Pandas is a very popular data analysis library for python. It’s an invaluable tool for transforming and munging data. Some of my favourite features include:

  • It can read data from a ton of formats including csv, json, and database tables
  • There are lots of convenience features built in such as easy plotting, filling in missing data, dropping duplicates, filtering data etc
  • It’s compatible with a lot of other python data science libraries (e.g. numpy, scikit-learn, etc)

It makes it really easy to read and explore your data since you can read, filter, and plot your data in just a few lines of code. This blog is not going to be a comprehensive tutorial (there are actual tutorials linked in the Other Resources section below). It’s intended to give you a brief idea of the kinds of things that pandas can do (to save you from rewriting code to do that yourself). The documentation is quite good and will give you an idea of the types of analysis you should use pandas for (hint: most of them).

The main data types in pandas are series and dataframes. You can think of a dataframe as a spreadsheet or a table in a database. Dataframes are made up of series (just think of a series as a column in a spreadsheet/table).

Using pandas

Installing and importing pandas

If you’re already familiar with installing python packages use conda install pandas or pip install pandas. For more in depth instructions there is a guide here.

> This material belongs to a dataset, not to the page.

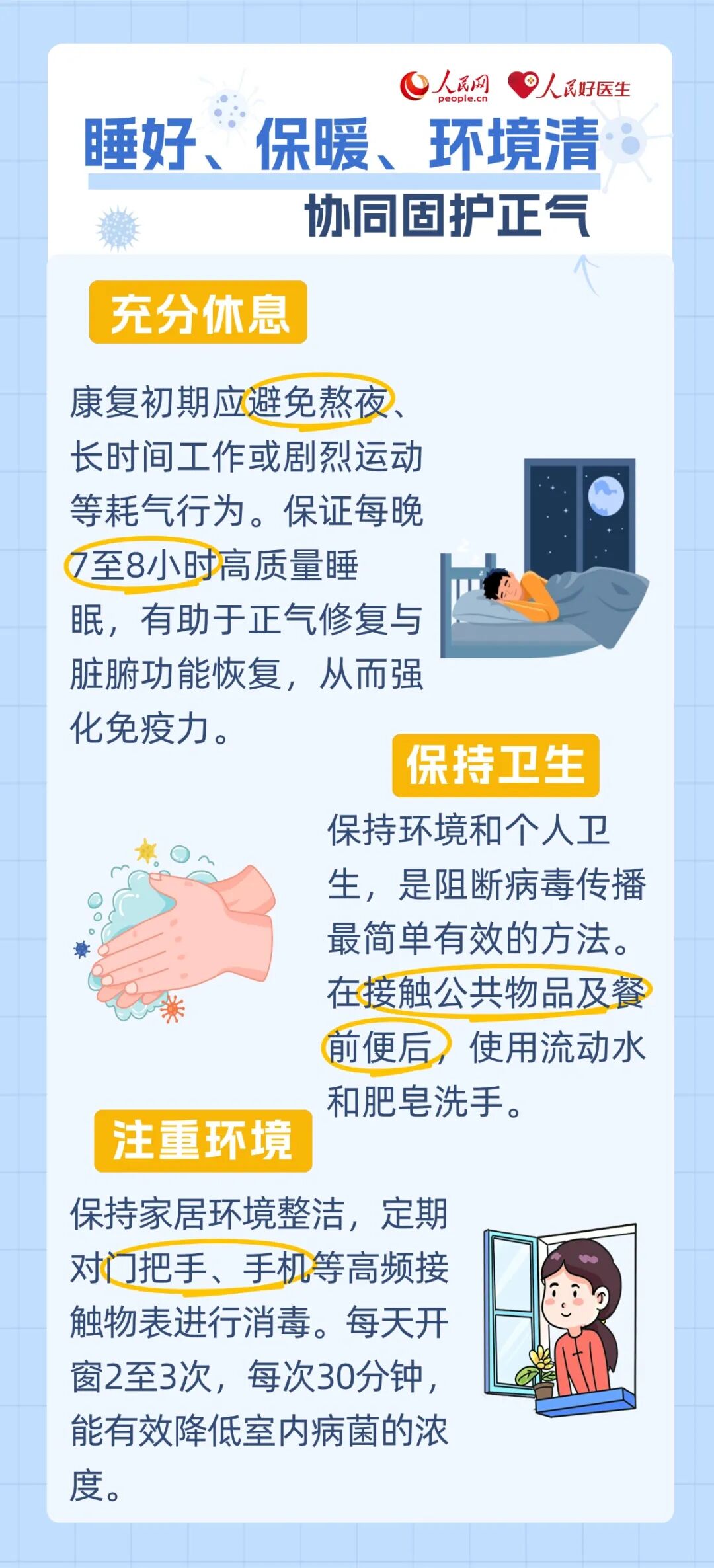 流感中招后,发烧、咳嗽的症状好了,不代表身体就完全恢复了。中医讲究“正气存内,邪不可干”,病后的康复期正是身体机能恢复、正气逐步充盈的关键阶段。通过系统地调养,并辅以适宜的食疗与外治法,能有效辅助人体正气,促进身心全面康复。

Once you have it installed you can import it using

import pandas as pd

People conventionally rename pandas to pd (e.g. pd.DataFrame instead of pandas.DataFrame) since you will end up typing pandas/pd a lot.

Here I’m going to use the movie data used in Brandon Rhode’s “Pandas From the Ground Up” tutorial. This includes CSV (comma separated value) files with movie titles and release dates as well as casting. After we’ve downloaded the data we want to load it into a dataframe. We can do that using

titles = pd.read_csv('titles.csv')

If we want to look at the first 10 rows of the dataframe we can use the head method

print(titles.head(10))

which will output the first N rows (in this case 10). This is an easy way to see what the data looks like and if the data is well formatted.

  title year
0 Lusty Neighbors 1970
1 The Adventures of Priscilla, Queen of the Desert 1994
2 Captain Sindbad 1963
3 Cold Dark Mirror 2015
4 Ostatnia Rawa Ryska Riedla 1997
5 Forever and Ever 2018
6 Western Conviction 2018
7 5 Estrellas 2018
8 Ropewalk 2000
9 Sally in Our Alley 1931
Selecting and filtering data

We can easily select rows in our dataframe. For example if we wanted to find movies released in 1991

titles[titles['year'] == 1991]
  title year
71 Le voleur d’enfants 1991
132 Madreseye piremardha 1991
196 Pyat pokhishchennykh monakhov 1991
217 Canh bac 1991
509 Itakwil man ako ng langit 1991

Let’s break down the above statement a bit. We use titles[‘year’] to select the year column in the data frame. titles[‘year’] == 1991 returns a series of booleans (True if the year is 1991 and False otherwise). Finally, titles[titles['year'] == 1991] says “give me the rows from titles where the condition is True”. We don’t just have to look for rows with exact matches. Let’s search for movies containing “The Hobbit” in the title

titles[titles['title'].str.contains('The Hobbit')]
  title year
121727 The Hobbit: The Battle of the Five Armies 2014
146926 The Hobbit: An Unexpected Journey 2012
166752 The Hobbit: The Desolation of Smaug 2013
179646 The Hobbit: The Swedolation of Smaug 2014
Counting values

Let’s say we want to count how many movies were released per year. We can do this using

titles['year'].value_counts()

which gives a sorted list from highest count to lowest. In our data set we see that 2017 released the most movies followed by 2016. I suspect that this dataset was compiled in 2017 and that 2018 had more movies released in it than the previous year.

  year
2017 9888
2016 8198
2015 7564
2014 7159
2013 6896

The value_counts function also has a normalize parameter which divides the counts by the total number of rows.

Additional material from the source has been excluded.